Cristián Molina

Personal information
- Full name: Cristián José Molina Varela
- Date of birth: 19 March 1978 (age 47)
- Place of birth: Antofagasta, Chile
- Position(s): Striker

Senior career*
- Years: Team / Apps / (Gls)
- 1998-2003: Deportes Antofagasta /  / (36)
- 2004: Universidad de Chile / 1 / (0)
- 2004–2005: Persib Bandung /  / (2)
- 2006–2007: Deportes Antofagasta / 5 / (1)
- 2007: Deportes La Serena / 2 / (0)
- Total:  /  / (39)

= Cristián Molina =

Chilean footballer (born 1978)

Cristián José Molina Varela (born 19 March 1978) is a Chilean former footballer who played as a striker.

==Career==
In his career, Molina mainly played for Deportes Antofagasta.
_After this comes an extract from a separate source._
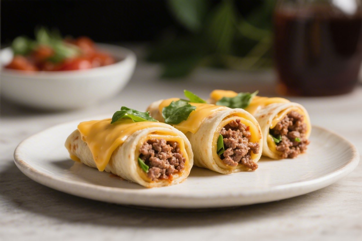 Fill and roll: Spoon 2–3 tablespoons of the beef mixture along the lower third of each cheese slice.

In 2004, he joined Universidad de Chile, where he just made one appearance. In the second half 2004, he moved to Indonesia and joined Persib Bandung. He returned to Chile in 2005 and played for Deportes Antofagasta (2006–07) and Deportes La Serena (2007).

==Personal life==
Following his retirement, he switched to work in the mining industry in Antofagasta.